16384 agents on a 256×256 grid in a scene with different discomfort. Agents leave the area through their group exits in the upper left corner. They respawn on the right and bottom edge. In the lower right corner is a zone with discomfort forming a hill. Large discomfort separates the scene in the shape of a river. Later, a discomfort spot (brush) is set. It can be moved with the mouse to interact with the agents. The agents immediately start to evade the area of high discomfort.

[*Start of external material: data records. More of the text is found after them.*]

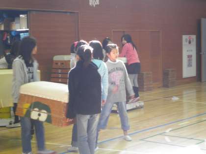 土曜日に終わった学芸会の片づけを5年生がしました。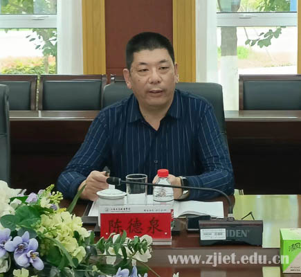 冯志明对陈德泉一行的到来表示欢迎,详细介绍了学校的基本情况和专业设置。他指出,浙江经贸学院是行业龙头高职院校,此次来访更是为学校送来了宝贵经验。希望浙江经贸学院能够持续的在“双高”建设、专业调整、教学资源整合共享等方面给予帮助和支持,共同为办好行业高职教育贡献力量。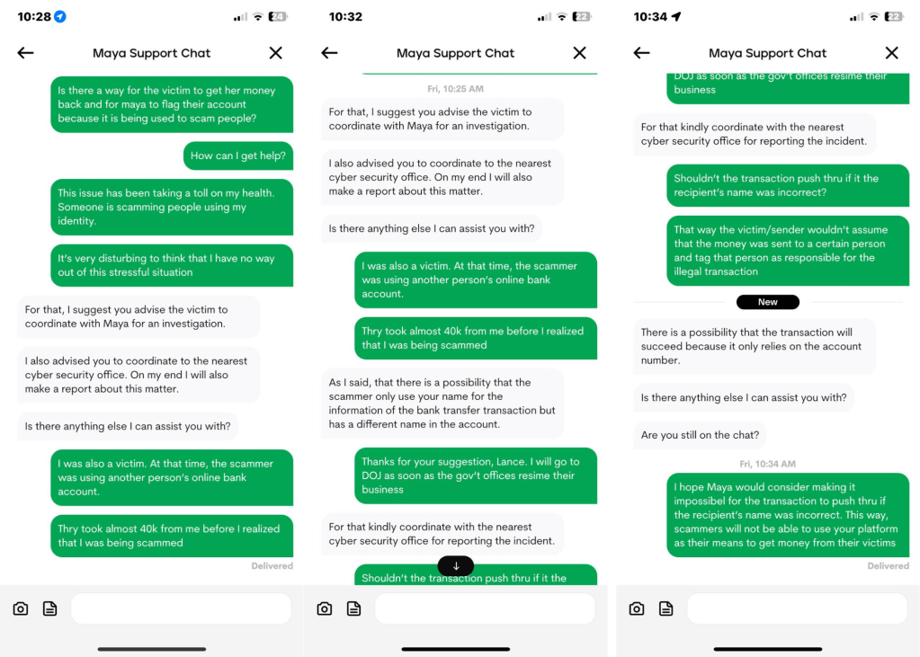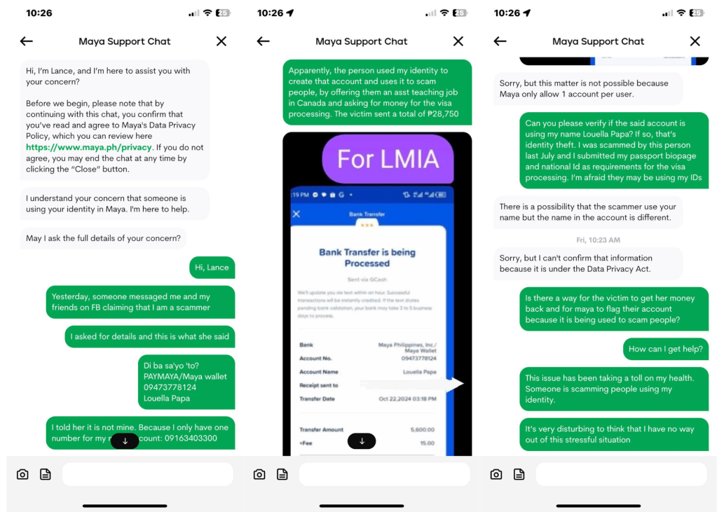 According to Gwen Ty, she was scammed by a certain Nah Di, who later introduced herself as me, sent her my passport bio-page as proof of identity and instructed her to send the amount to a Maya account (0947 377 8124) and gave out my name as the Account Name. The sender, of course, assumed that I was the one who received the money she sent from her G-Cash Account to the said Maya account.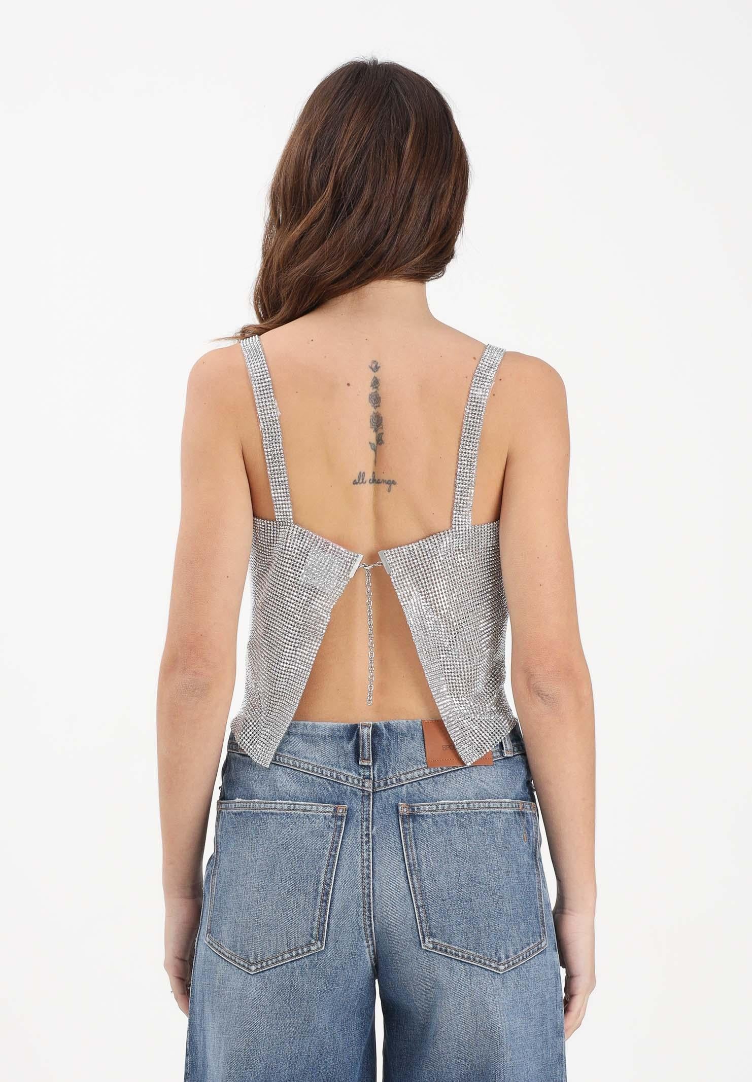 Elegantes silbernes Top für Damen, normale Passform, Frühjahr/Sommer A0121ARG62PAR

  • 0:12 discomfort field (white are infinite walls, river of high discomfort, hills with varying discomfort)
  • 0:30 placing the discomfort brush that adds additional discomfort into the scene and allows interacting with agents
  • 0:35 agents evade the area of additional discomfort

65536 agents on a 256×256 grid starting to form a circle after some time. I accelerated part of the video to 4 x speed. Please excuse the stuttering/hickups, I could not prevent that from occurring during video processing. The video also does not show the complete sequence. The desktop recording application always aborted recording half way through, so I had to record the ending separately, and cut the video together.

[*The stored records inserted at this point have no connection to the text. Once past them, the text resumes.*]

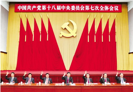 中国共产党第十八届中央委员会第七次全体会议,于2017年10月11日至14日在北京举行。这是习近平、李克强、张德江、俞正声、刘云山、王岐山、张高丽等在主席台上。 新华社记者 马占成 摄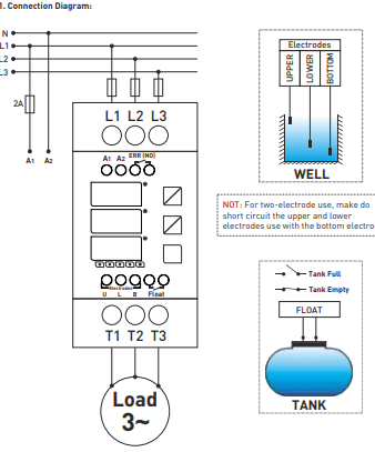 • 1A - 30A submersible pump (internal contactor and current transformers)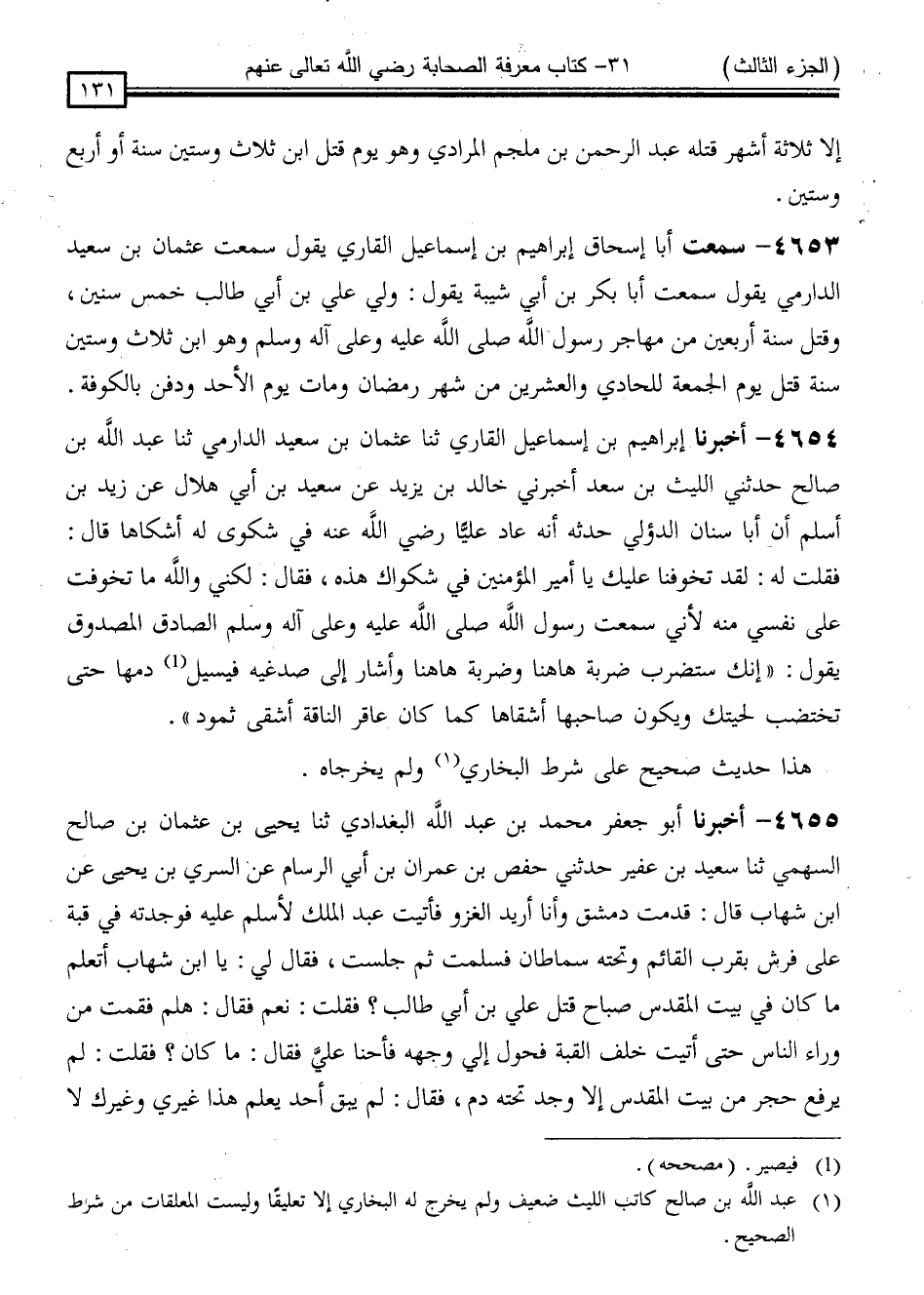 4654 - أَخْبَرَنَا إِبْرَاهِيمُ بْنُ إِسْمَاعِيلَ الْقَارِئُ ، ثنا عُثْمَانُ بْنُ سَعِيدٍ الدَّارِمِيُّ ، ثنا عَبْدُ اللَّهِ بْنُ صَالِحٍ ، حَدَّثَنِي اللَّيْثُ بْنُ سَعْدٍ ، أَخْبَرَنِي خَالِدُ بْنُ يَزِيدَ ، عَنْ سَعِيدِ بْنِ أَبِي هِلَالٍ ، عَنْ زَيْدِ بْنِ أَسْلَمَ ، أَنَّ أَبَا سِنَانٍ الدُّؤَلِيَّ حَدَّثَهُ ، أَنَّهُ عَادَ عَلِيًّا رَضِيَ اللَّهُ عَنْهُ فِي شَكْوَى لَهُ أَشْكَاهَا ، قَالَ: فَقُلْتُ لَهُ: لَقَدْ تَخَوَّفْنَا عَلَيْكَ يَا أَمِيرَ الْمُؤْمِنِينَ فِي شَكْوَاكَ هَذِهِ ، فَقَالَ: لَكِنِّي وَاللَّهِ مَا تَخَوَّفْتُ عَلَى نَفْسِي مِنْهُ ، لِأَنِّي سَمِعْتُ رَسُولَ اللَّهِ صَلَّى اللَّهُ عَلَيْهِ وَسَلَّمَ الصَّادِقَ الْمَصْدُوقَ ، يَقُولُ: " إِنَّكَ سَتُضْرَبُ ضَرْبَةً هَا هُنَا وَضَرْبَةً هَا هُنَا - وَأَشَارَ إِلَى صُدْغَيْهِ - فَيَسِيلُ دَمُهَا حَتَّى تَخْتَضِبَ لِحْيَتُكَ ، وَيَكُونُ صَاحِبُهَا أَشْقَاهَا ، كَمَا كَانَ عَاقِرُ النَّاقَةِ أَشْقَى ثَمُودَ "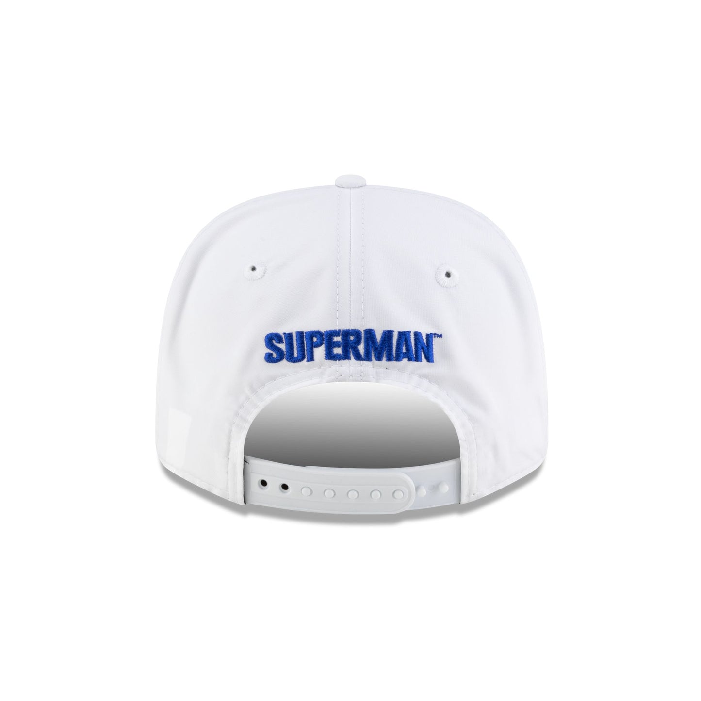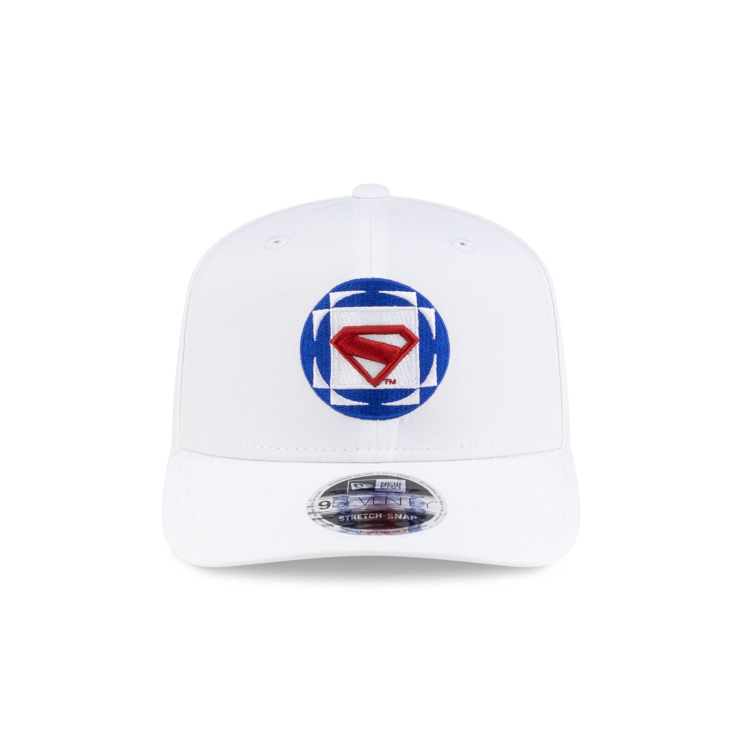 The Superman White 9SEVENTY Stretch-Snap features an embroidered Superman logo at the front panels with a matching wordmark above a snapback closure at the rear and a white undervisor.

  • 0:06 the 4 agent groups each have their goal area in a diagonal. Upon reaching the goal, an agent switches to the next group and goal area.
  • 0:18 nice lane formations
  • 0:25 video accelerated to 4x speed (please excuse the hickups originating from video encoding)
  • 1:25 after a few minutes a circle forms and you can clearly see the agents of the different groups
  • 1:40 detail view of agents changing group at goal area

More than 1 million (1048576) agents on a 1024×1024 grid and an otherwise empty scene. Agents are heading to the lower and left edges. Running at about 2.5 updates per second. Adding a discomfort brush that the agents evade. Showing the CPU usage, the computation runs primarily on the graphics card.

Corrections:

  • In Figure 21 the line leading into the Costs buffer should start at DiscomfortSum not at the DensitySum in the Mixed Buffer
  • Page 56: “The reason is that each Stream Core can load 32 consecutive  floats during a cycle, as mentioned in Section 3.2.2.” should be “The reason is that each Compute Unit can load 32 consecutive floats during a cycle, as mentioned in Section 3.2.2.”
  • Page 59: “IsConverged – Same as for Sleep, but with α = IsConverged in all
    state transitions.” is wrong, Figure 32 shows the correct state transitions.
  • Page 62: “To be more accurate, it would be necessary to also check the cost in the case on the right, because the cost also decides from which side the wavefront reached the central grid cell.” should be “To be more accurate, it would be necessary to also check the cost, because the cost also decides from which side the wavefront reached the central grid cell.”

Improvements:

  • Should’ve pointed out more clearly that March of the Froblins uses local navigation to get lane formation as an emergent phenomenon. In Continuum Crowds and this thesis the lane formation is based on the gradient field. Currently I don’t know all the implications of this difference.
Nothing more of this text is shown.